Files.walkFileTree(root, visitor) invokes FileVisitor callbacks:
preVisitDirectory, visitFile, visitFileFailed, postVisitDirectory—return CONTINUE, SKIP_SUBTREE, TERMINATE, or SKIP_SIBLINGS.
Use for deletes, size totals, or custom indexing with control over failure handling.
// Stream — sum sizes of .log files
try (Stream<Path> paths = Files.walk(Path.of("/var/log"), 3)) {
long total = paths
.filter(Files::isRegularFile)
.filter(p -> p.toString().endsWith(".log"))
.mapToLong(p -> {
try { return Files.size(p); } catch (IOException e) { return 0L; }
})
.sum();
}
// FileVisitor — delete tree after processing
Files.walkFileTree(Path.of("tmp/work"), new SimpleFileVisitor<>() {
@Override
public FileVisitResult visitFile(Path file, BasicFileAttributes attrs) throws IOException {
Files.delete(file);
return FileVisitResult.CONTINUE;
}
@Override
public FileVisitResult postVisitDirectory(Path dir, IOException exc) throws IOException {
if (exc != null) throw exc;
Files.delete(dir);
return FileVisitResult.CONTINUE;
}
});
WatchService — filesystem change events
Register a Path directory with a WatchService for ENTRY_CREATE, ENTRY_MODIFY, ENTRY_DELETE.
take() or poll() return batches of WatchKey events—reset the key to receive more.
Behavior is OS-dependent (coalescing, missing events on fast churn)—use for dev reload and cache invalidation, not as sole source of truth.
WatchService watcher = FileSystems.getDefault().newWatchService();
Path dir = Path.of("config");
dir.register(watcher, StandardWatchEventKinds.ENTRY_MODIFY);
while (true) {
WatchKey key = watcher.take();
for (WatchEvent<?> event : key.pollEvents()) {
Path changed = dir.resolve((Path) event.context());
reloadConfig(changed);
}
key.reset();
}
Glob patterns and PathMatcher
Syntax is glob: (default on default FS) or regex: for regular expressions.

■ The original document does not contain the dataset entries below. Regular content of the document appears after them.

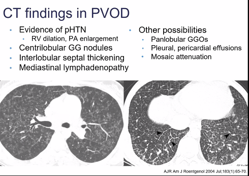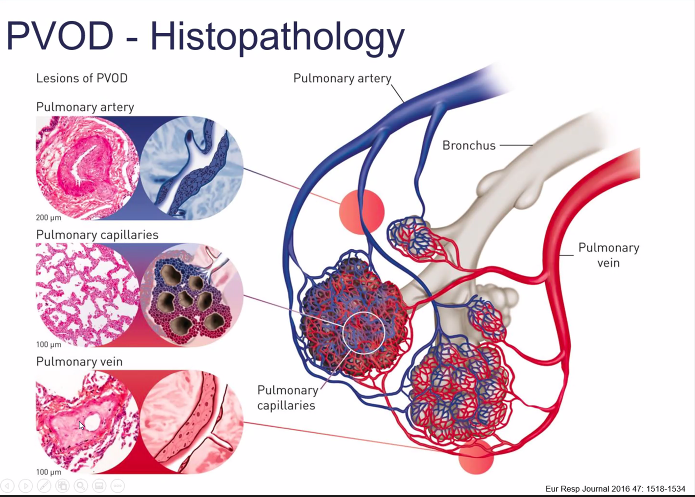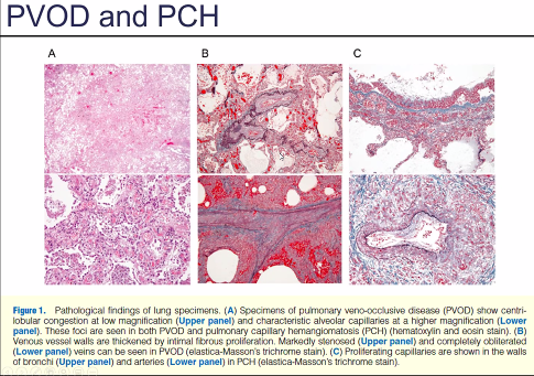 Pathologically, PVOD may be on a spectrum with pulmonary capillary hemangiomatosis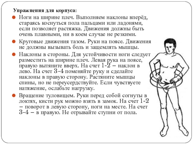 Круговые движения тазом. Руки на поясе. Движения не должны вызывать боль и защемлять мышцы.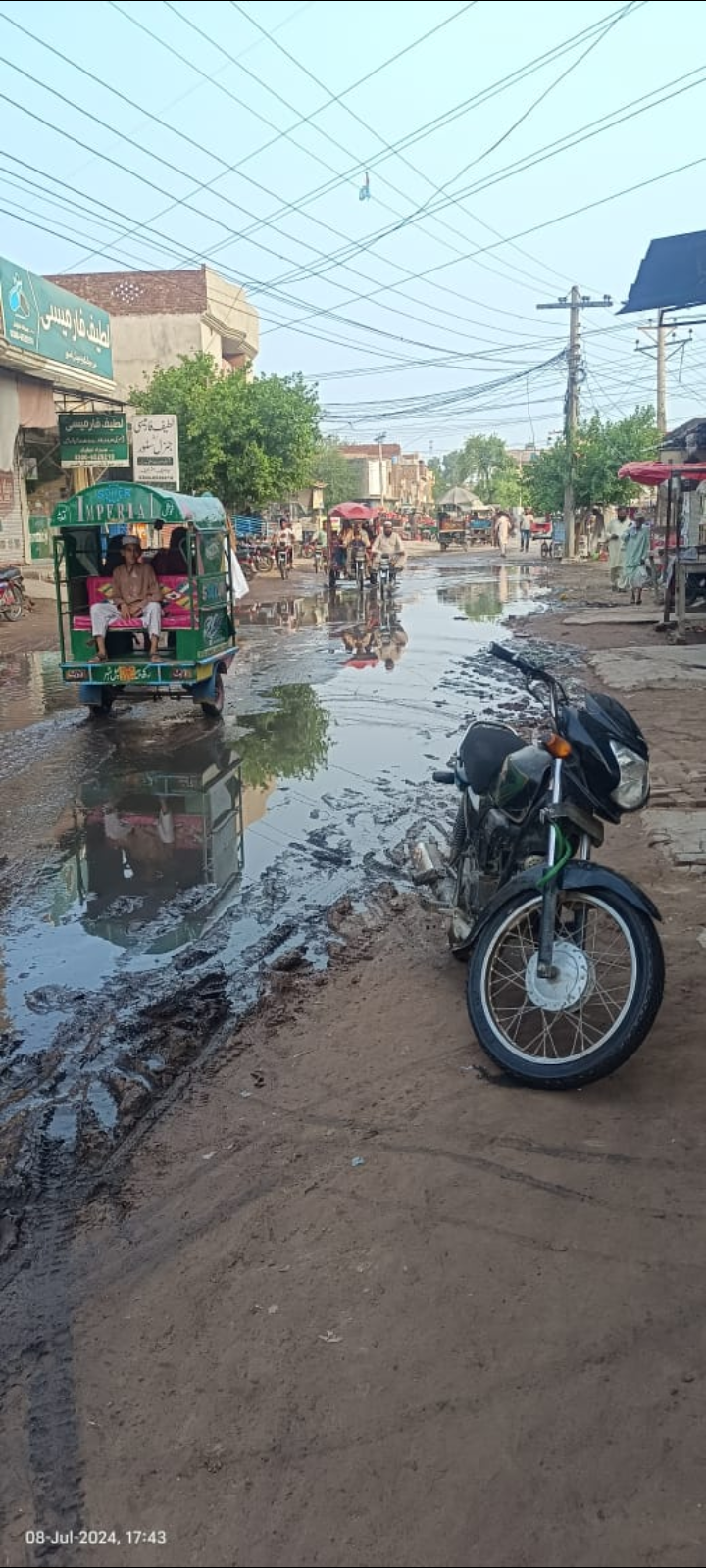 سڑک پر مین ہول کئی دنوں سے بند ہے جس کے باعث پانی سڑک پر کھڑا ہے اور شہریوں کا گزرنا دشوار ہے شہری اپنے گھروں میں قید ہو کر رہ گئے ہیں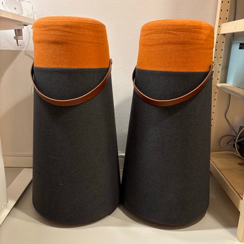 Benesit taburet i gråt tekstil med brun læderhank. Taburetten har en rund siddeflade og konisk form, der giver stabilitet. Undersiden er udført med korkbelægning. Egnet som ekstra siddeplads eller som fleksibel arbejds- og balancestol i hjem eller kontor.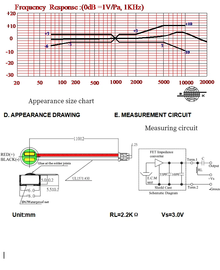 10 шт. * Микрофон (белая Водонепроницаемая сеть прилагается по умолчанию, длина кабеля: 135 мм)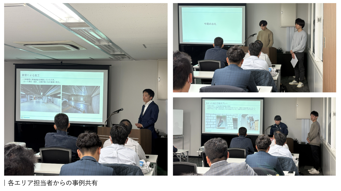 続いて、当社の首都圏、名古屋、大阪の各エリアの代表者から施工事例の共有です。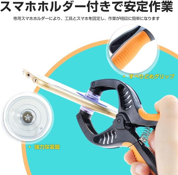 2. スマホホルダー付きで作業性向上専用スマホホルダー付きで、工具とスマホを安定して固定でき、作業が格段に簡単になります。片手での操作もスムーズに行えます。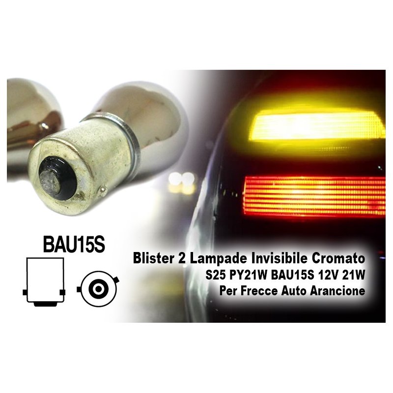 Blister 2 Lampade S25 PY21W 12V 21W Cromate Invisibili Frecce BAU15S Auto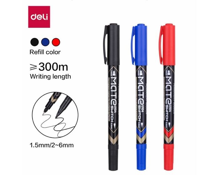 Boite de 12 Marqueurs permanents Mate de haute qualité double pointe 1,0 mm Deli-U104 coloris au choix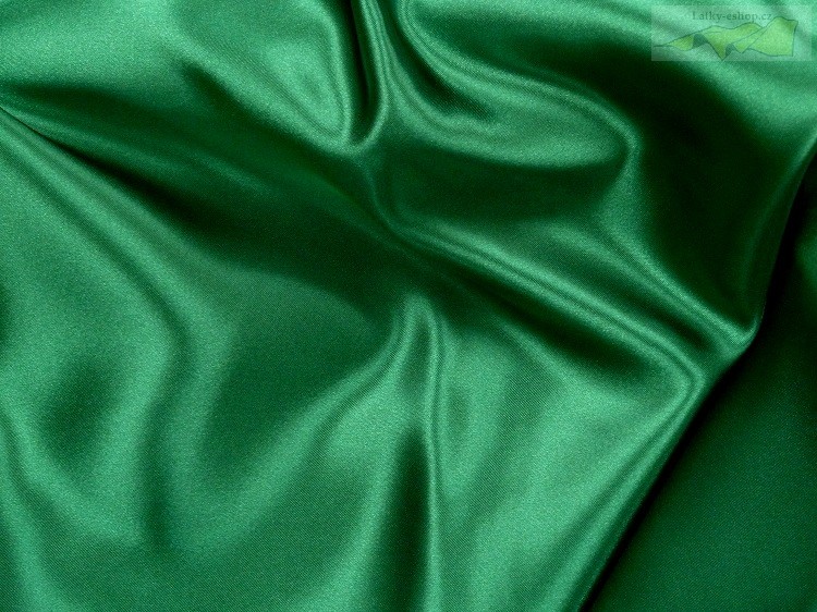 Velmi kvalitní lesklá látka - tmavě zelený satén příjemný na dotek a odolný proti mačkání vyrobený v EU s vyšší gramáží patří k nejprodávanějším látkám v našem rozsáhlém sortimentu. Využívá se k výrobě a zdobení společenských šatů, na obřady, na karneval a podobně.

FileSystem.getPathMatcher("glob:**/*.java") matches paths—** crosses directories.
PathMatcher matcher = FileSystems.getDefault().getPathMatcher("glob:**/*.{java,kt}");
try (Stream<Path> walk = Files.walk(Path.of("src"))) {
walk.filter(Files::isRegularFile)
.filter(matcher::matches)
.forEach(System.out::println);
}
User-supplied paths must be validated: resolve against a trusted base directory and call startsWith(base) after normalize to block path traversal (../../etc/passwd).
Java serialization
Native binary serialization via ObjectOutputStream / ObjectInputStream encodes object graphs with class metadata.
Convenient for RMI-era persistence—discouraged for new systems due to fragility and exploit history.
Serializable and object streams
Implement java.io.Serializable (marker interface) to opt in. Non-transient fields are written recursively;
static fields are not serialized. Deserialization reconstructs objects without running normal constructors unless you customize hooks.
record UserSession(String userId, Instant loginAt) implements Serializable {
@Serial private static final long serialVersionUID = 1L;
}
try (var out = new ObjectOutputStream(Files.newOutputStream(path))) {
out.writeObject(session);
}
try (var in = new ObjectInputStream(Files.newInputStream(path))) {
UserSession restored = (UserSession) in.readObject();
}
serialVersionUID — define it explicitly
Each serializable class has a version fingerprint. If you change fields without updating the UID, deserialization throws InvalidClassException.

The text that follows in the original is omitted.